In [182]:
import gymnasium as gym
import numpy as np
from collections import defaultdict
from typing import Any

env = gym.make("Blackjack-v1")

In [183]:
# Definition of a random starting policy
example_policy = defaultdict(lambda: env.action_space.sample())

In [184]:
# Example execution loop
done = False
total_reward = 0

observation, _ = env.reset()

while not done:
    action = example_policy[observation]

    observation, reward, terminated, truncated, info = env.step(action)
    total_reward += reward

    done = terminated or truncated

total_reward

1.0

In [185]:
# Some utils
def generate_episode(env: gym.Env, policy: dict[Any,Any]):
    done = False
    observation, _ = env.reset()
    tuples = []
    while not done:
        action = policy[observation]
        observation_, reward, terminated, truncated, info = env.step(action)

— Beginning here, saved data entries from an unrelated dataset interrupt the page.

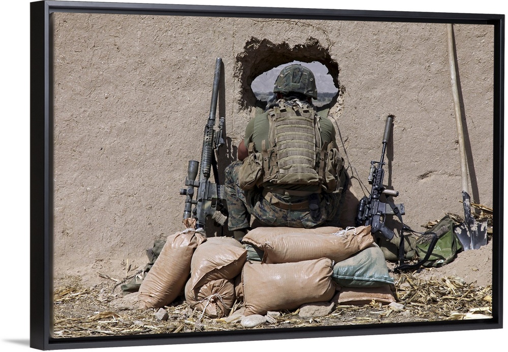 <p>October 14, 2010 - A U.S. Marine sniper observes his sector at a patrol base near Sangin, Afghanistan. The Marines supported the International Security Assistance Force with counterinsurgency operations.</p>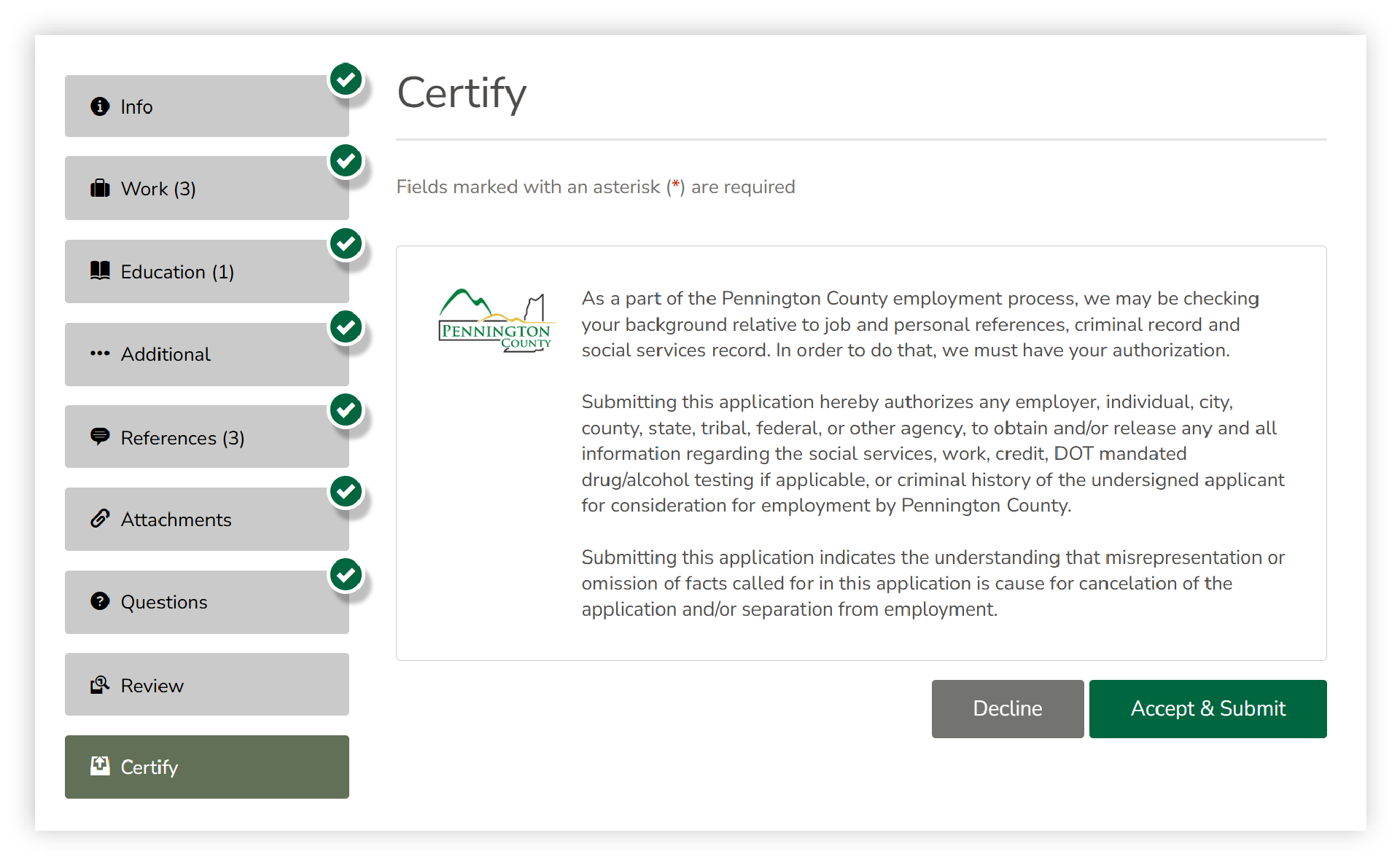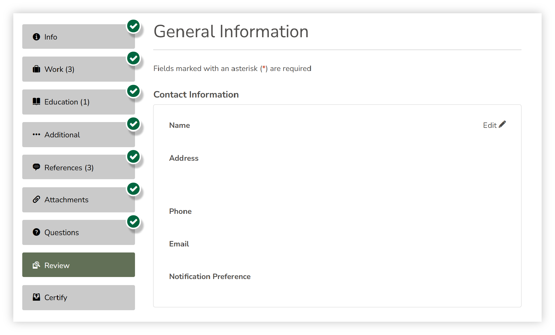 Here you will find a long list of all the information you added. Look over everything to ensure all details are accurate and complete before submission.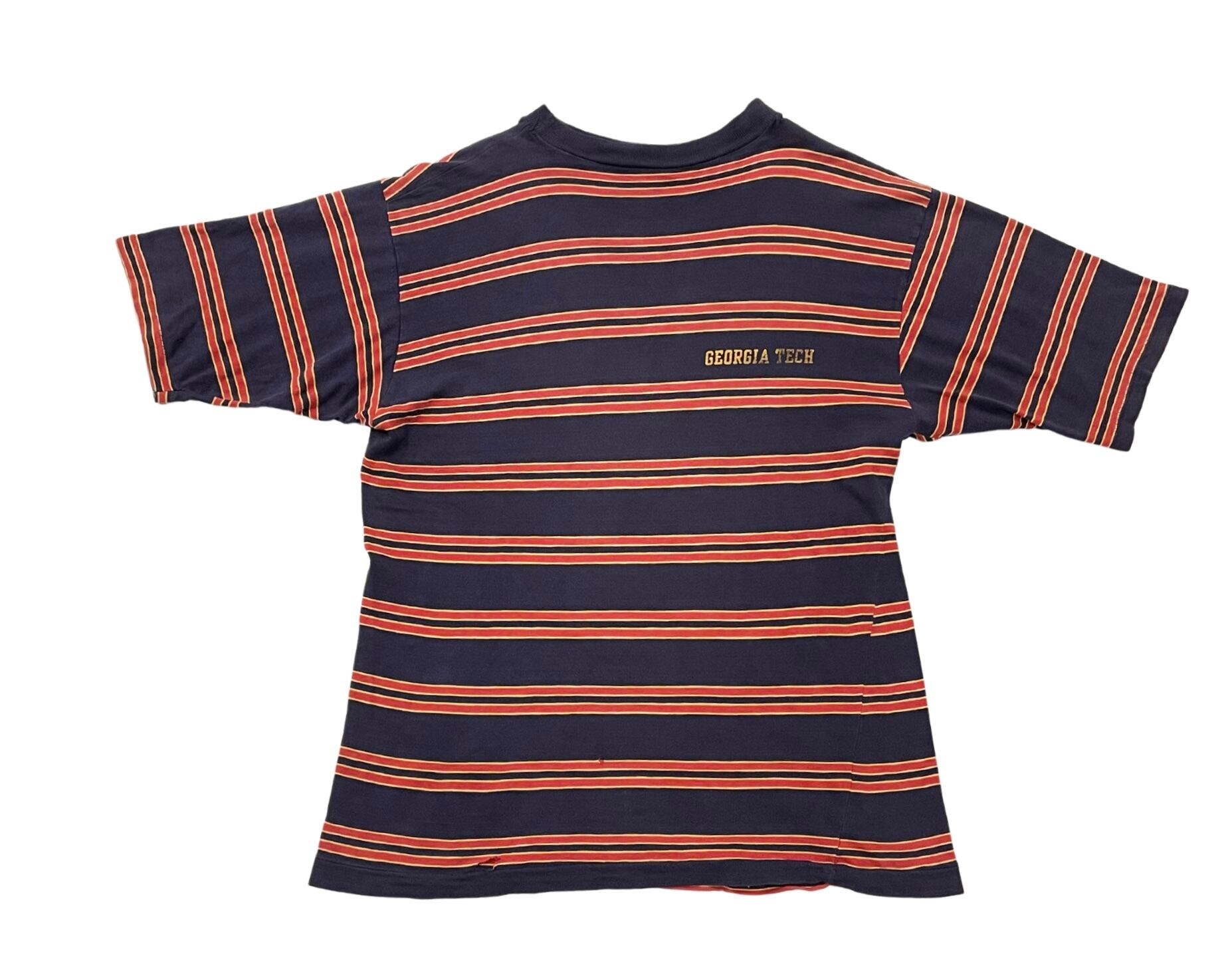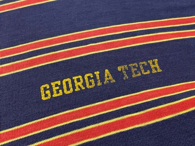 70s VELVA SHEENのボーダーTシャツの胸に、GEORGIA TECHの文字がプリントされた、ジョージア工科大学のカレッジTシャツ。

        tuples.append((observation, int(action), reward))

        observation = observation_
        done = terminated or truncated
    
    return tuples

def generate_episode_exploring_starts(env: gym.Env, policy):
    env.reset()
    env.unwrapped.s = env.observation_space.sample()

    initial_state = env.unwrapped.s
    initial_action = env.action_space.sample()

    tuples = []
    state = initial_state
    action = initial_action

    while True:
        next_state, reward, terminated, truncated, _ = env.step(action)
        tuples.append((state,action,reward))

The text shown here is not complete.